Counting Revertant Colonies:
Revertant colonies were counted by hand or automated colony counter. Colony counts were transcribed to a Microsoft Excel spreadsheet. When there was sufficient test article precipitate or other interference that prevented automated analysis, MTT (3-(4,5-dimethylthiazol-2-yl)-2,5-dephenyl tetrazolium bromide) was used to distinguish bacterial colonies from precipitate particles. These wells were manually counted.

Evaluation criteria:

Criteria for a Positive Response:
A test article was considered to have produced a positive response if it induced a concentration-dependent increase in revertant frequency that was ≥ 2.0-fold vehicle control values for tester strains TA98, TA100, and E. coli, or ≥ 3.0-fold vehicle control values for tester strains TA1535 and TA1537. In addition, any response should be reproducible.

Criteria for a Negative Response:
A test article was considered to have produced a negative response if no concentration-dependent, ≥ 2.0-fold or ≥ 3.0-fold increases were observed in tester strains TA98, TA100, and E. coli, or TA1535 and TA1537, respectively.

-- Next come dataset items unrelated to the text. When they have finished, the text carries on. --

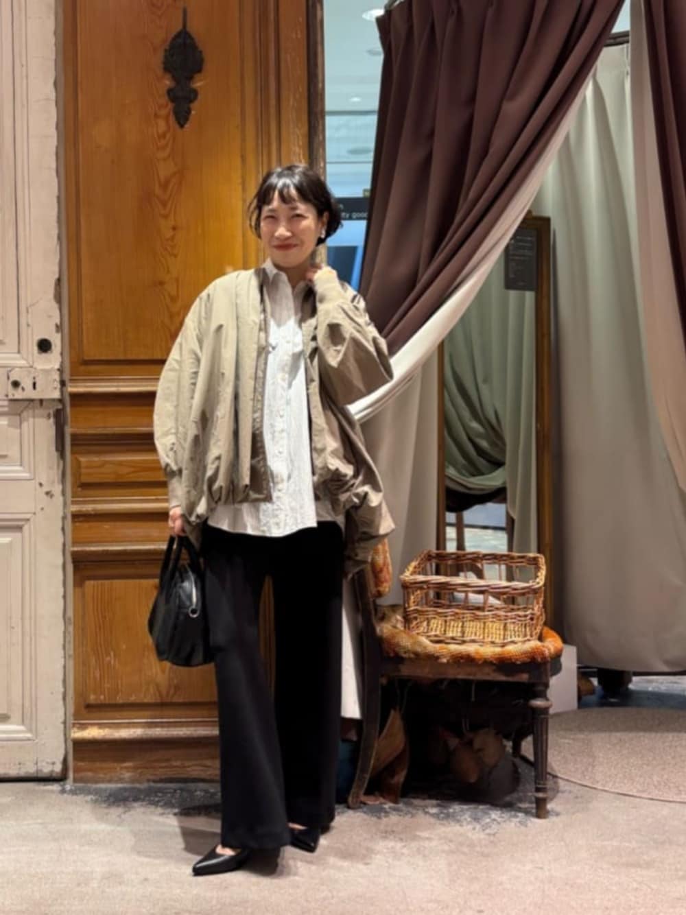 ビアズリーのワイドパンツって、 落ち感があって、 すっきりとするんですよね、 けど、ワガママ言うと、、 もう少しメリハリがほしい🫣🫣🫣 そーーんなワガママが叶うパンツがこれ! ワイドパンツにかわりはないのですが、 素材にほどよい重さがあり、 裾に向かってフレアなので、 脚のくびれを感じれて動くたびに、 ほっそりします! 最近、脚が緩んできた悩みがあるのですが、 着痩せが叶うってこういうことですね。 履いてて嬉しくなっちゃいました♡ 春はもちろん、 夏、秋とロングシーズン楽しめる一本です✨ シャツ合わせはもちろん、 ブルゾンを羽織ってカジュアルにも、 着回せる一本です♪
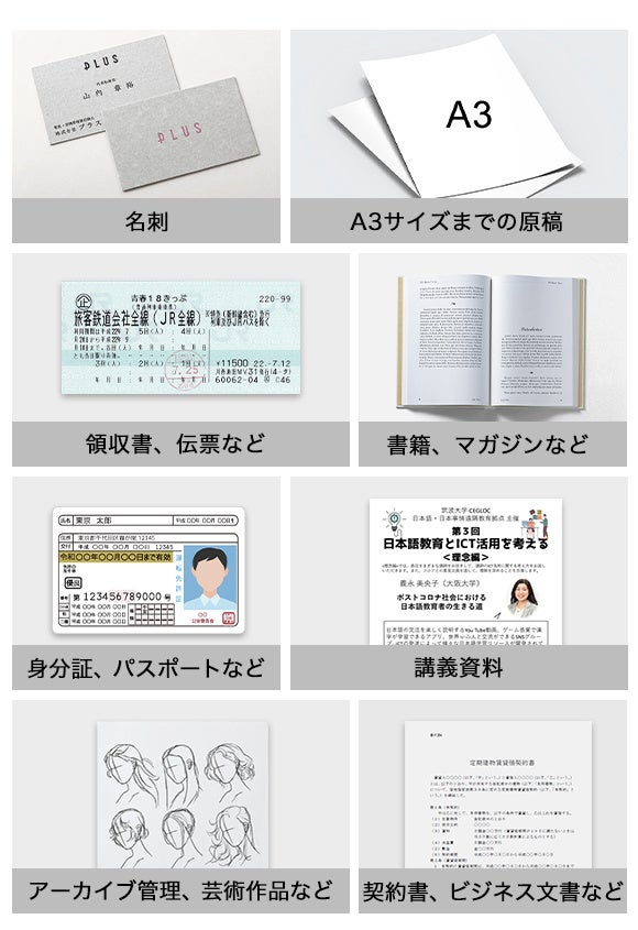 「NETUM Pro」は、様々な用紙サイズに柔軟に対応。小さな名刺や領収書からA3サイズの原稿まで、幅広いサイズの書類を手軽にデジタル化できます。
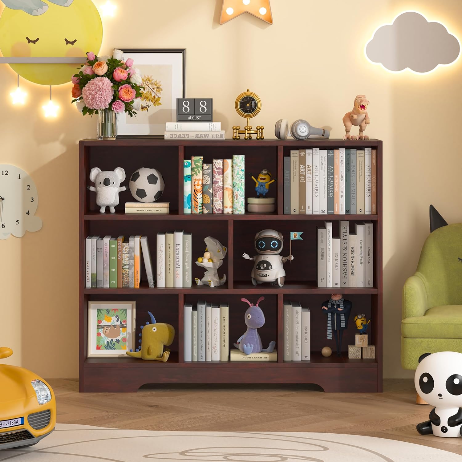 - ăLarge Capacity BookcaseăThis bookshelf features 8 large storage cubes to display and store your books, plants, photos and collections. The Bookcase can be used not only as a bookshelf, but also as a display cabinet, file cabinet and general storage cabinet that can be placed in bedrooms, living rooms and offices.
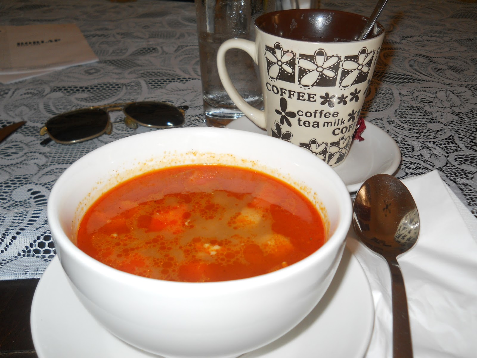 Ce-am servit? Banuiesc ca toti va veti intreba acest lucru, iar eu, constiincioasa am sa va satisfac curiozitatea: o cafea maaaare de tooot, cum nu am baut niciodata in niciun restaurant de pe unde am fost...alaturi de un gulas de miel.
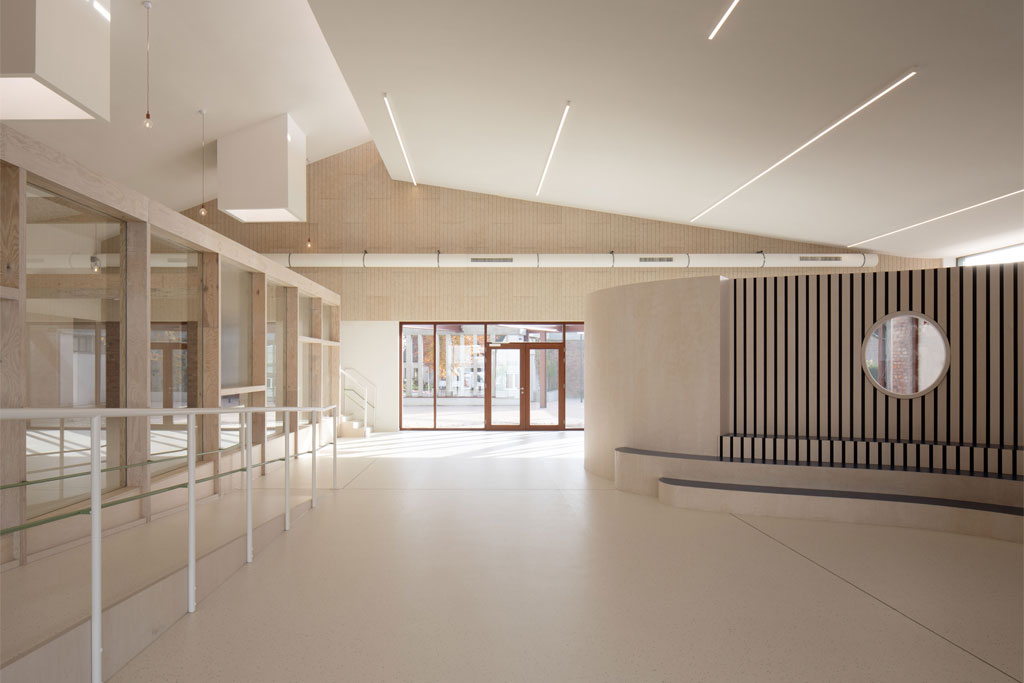 Door de verhuis van de kinderopvang is de speelplaats van de aanpalende stedelijke basisschool Spoele (SBS Spoele) een stuk groter geworden. De voor speelplaats lonkt vernieuwing: het pleintje wordt onthard en heraangelegd met aandacht voor meer groen. (mb, foto: © Studio Bourgeat)
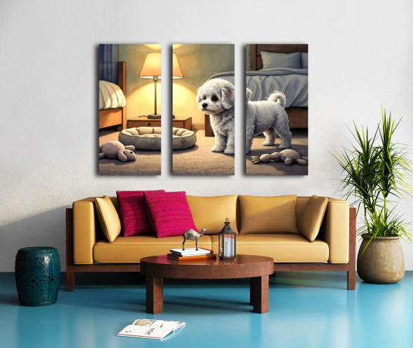 Bichon Frise Puppy Discovers Bedtime Canvas print
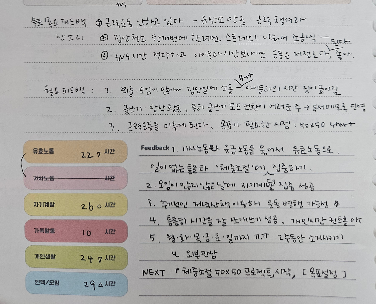 피드백타임은 타인의 다이어리를 피드백해 주는 게 아니라 스스로 내 것만 하면 되었다. 각자 고유한 일상과 목표가 있고 욕구와 상황이 다르므로 우리가 공유하는 것은 회고하는 시간을 가졌다는 것 그 자체이다.
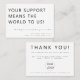 Featuring a minimalist and elegant design, this card is tailored for small businesses to express thanks for purchases and orders. Use the space to include your logo, a discount message, or a gentle nudge to follow your social media pages. Ideal for enhancing the personal touch in your packaging, these thank-you cards are a thoughtful way to build stronger customer relationships. Make your customers feel appreciated—order your custom cards today!
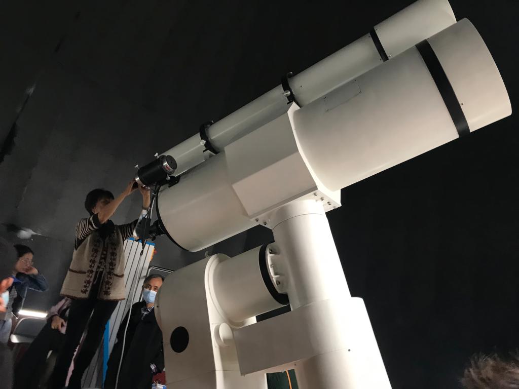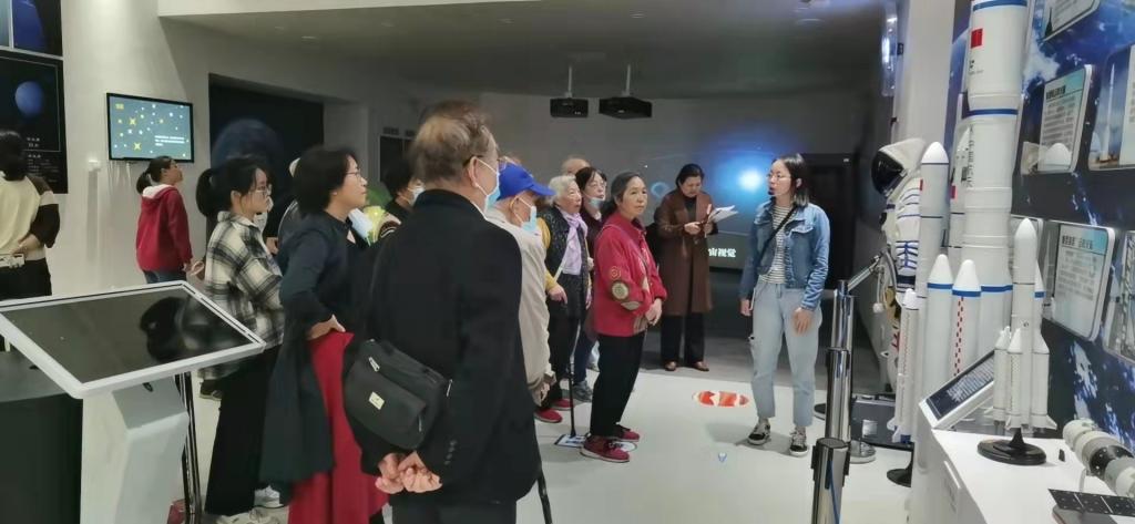 随后,大家又到天文馆进行了参观。讲解员介绍了我校天文馆的建设历史和天文馆建成的历史意义,然后带领老师参观了“太阳系与航天史”、“星云星系与宇宙简史”以及“天文学前沿与未解之谜”三个展厅。最后,诸多退休教师还体验了40公分折反式天文望远镜观测月球、行星等天体的活动。

Criteria for an Equivocal Response:
Even after repeated trials, a test article may produce results that are neither clearly positive nor clearly negative (e.g., responses that do not meet the
concentration-dependency or fold increase requirements but are reproducible). In those rare instances, the test article may be considered to have produced an equivocal response. Other criteria also may be used in reaching a conclusion about the study results (e.g., comparison to historical control values, biological significance, etc.). In such cases, the Study Director used sound scientific judgment and clearly reported and described any such considerations.

Results and discussion

Test resultsopen allclose all

Additional information on results:

There was precipitation beginning at 216 µg/well with the test material in all strains with metabolic activation. There was precipitation beginning at 78 µg/well with the test material in all Salmonella strains and at 130 µg/well with E. coli without metabolic activation.



There was no cytotoxicity present at any concentration of the test material with all five strains with and without metabolic activation.

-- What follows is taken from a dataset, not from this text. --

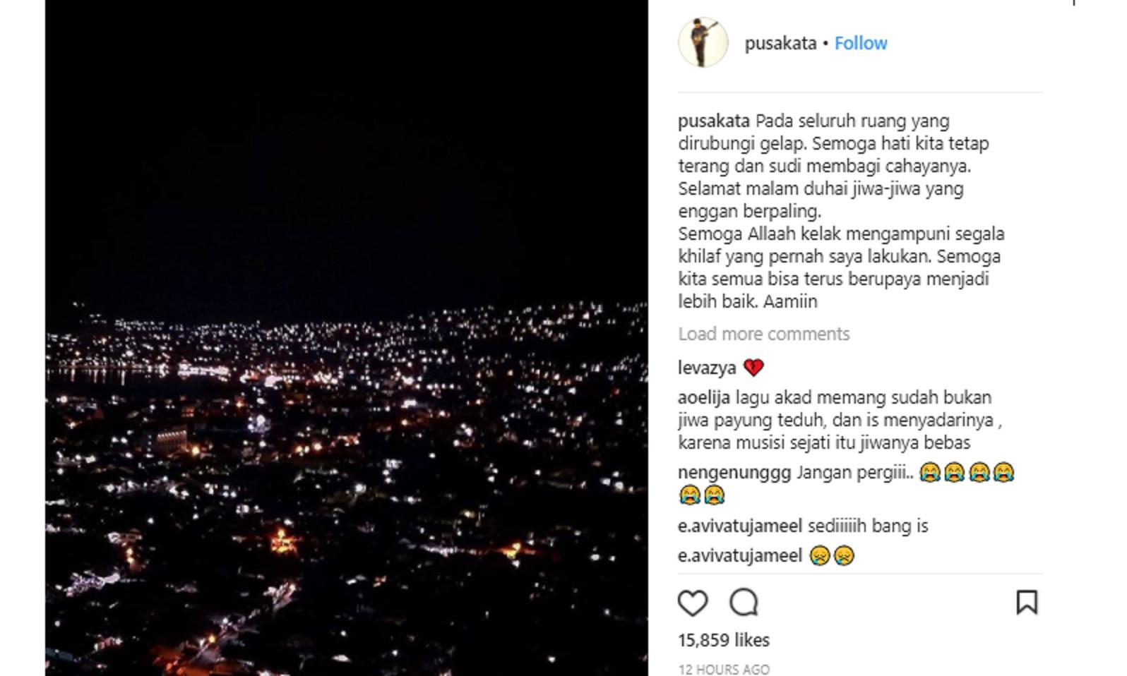 Dalam unggahan pada Rabu (15/11/2017) di akun @pusakata, pelantun "Untuk Perempuan yang Sedang dalam Pelukan" ini membagi sebuah foto kerlip lampu kota di malam hari.
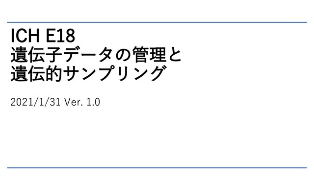ICH E18 遺伝子データの管理と 遺伝的サンプリング 2021/1/31 Ver. 1.0

Mean revertant frequencies for all concentrations of the test material in all five tester strains with and without S9 approximated those observed in the concurrent mean vehicle control cultures.

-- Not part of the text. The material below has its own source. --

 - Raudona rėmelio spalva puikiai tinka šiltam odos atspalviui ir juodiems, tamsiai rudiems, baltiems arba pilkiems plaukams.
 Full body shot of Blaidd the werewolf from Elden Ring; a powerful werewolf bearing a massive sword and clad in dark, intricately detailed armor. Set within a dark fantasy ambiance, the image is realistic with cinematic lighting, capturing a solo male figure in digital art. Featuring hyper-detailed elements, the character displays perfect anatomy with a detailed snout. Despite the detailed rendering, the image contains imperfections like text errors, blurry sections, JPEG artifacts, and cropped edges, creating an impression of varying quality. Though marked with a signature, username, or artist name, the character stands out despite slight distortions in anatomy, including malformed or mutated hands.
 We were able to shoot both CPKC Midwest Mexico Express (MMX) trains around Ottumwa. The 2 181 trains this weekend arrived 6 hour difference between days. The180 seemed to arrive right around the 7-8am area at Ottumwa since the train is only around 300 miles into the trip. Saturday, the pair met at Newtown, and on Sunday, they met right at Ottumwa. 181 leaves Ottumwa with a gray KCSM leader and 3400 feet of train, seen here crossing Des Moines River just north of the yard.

Any other information on results incl. tables

All positive and vehicle control values were within acceptable ranges. All genetic markers were verified. Therefore, all criteria for a valid study were met.

Applicant's summary and conclusion

Conclusions:

The results indicate that the test material was negative (non-mutagneic) in the 6-well 5-strain bacterial reverse mutation assay under the conditions, and according to the criteria of the study plan.